Many rabbis of the same name served as Nasi or Prince.
Although Rabban Gamaliel I is sometimes referred to as "the Elder," he is often referred to simply as Rabban Gamaliel, making it difficult to know whether a source refers to him or to his grandson, Gamaliel II. With regard to extra-Talmudic sources, there is only a single reference to Gamaliel I in the New Testament (Acts 22:3) where he is said to have been Paul's teacher. All this only goes to show how difficult it is for the historian of Talmudic times who attempts to use sources compiled later for a reconstruction of events in an earlier period.

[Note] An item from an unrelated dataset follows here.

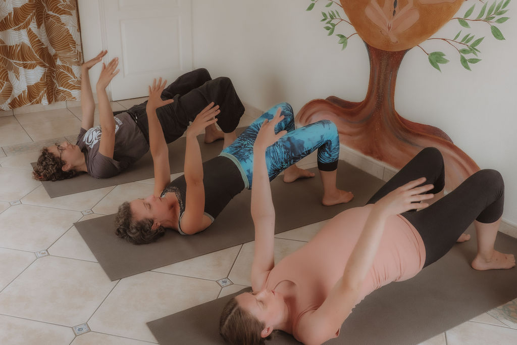 🌀 Le yoga collectif Un espace pour se retrouver entre femmes. Respirer ensemble. Bouger. Déposer ce qu’on porte. Un rendez-vous régulier rien qu’à toi — pour ne pas t’oublier dans le tourbillon de la maternité.

Echoes are also to be found of the close relationship between the princes and the Romans. It is said, for instance, that many young men of the house of Rabban Gamaliel studied "Greek wisdom" (Sotah 49b), a statement that was much discussed in the medieval debates on the study of philosophy. Gamaliel is also said to have bathed in a bath-house in which there was a statue of Aphrodite (Mishnah Avodah Zarah 3:4), which practice he defended on the grounds that the statue was purely decorative and in no way dedicated to the goddess.
There is also an account of Rabban Gamaliel, Rabbi Joshua, and other Rabbis visiting Rome. Especially interesting in this connection are the Talmudic tales, largely legendary, of the close friendship between Rabbi Judah the Prince and "Antoninus," though it is none too clear which Roman emperor is referred to by this name in these tales.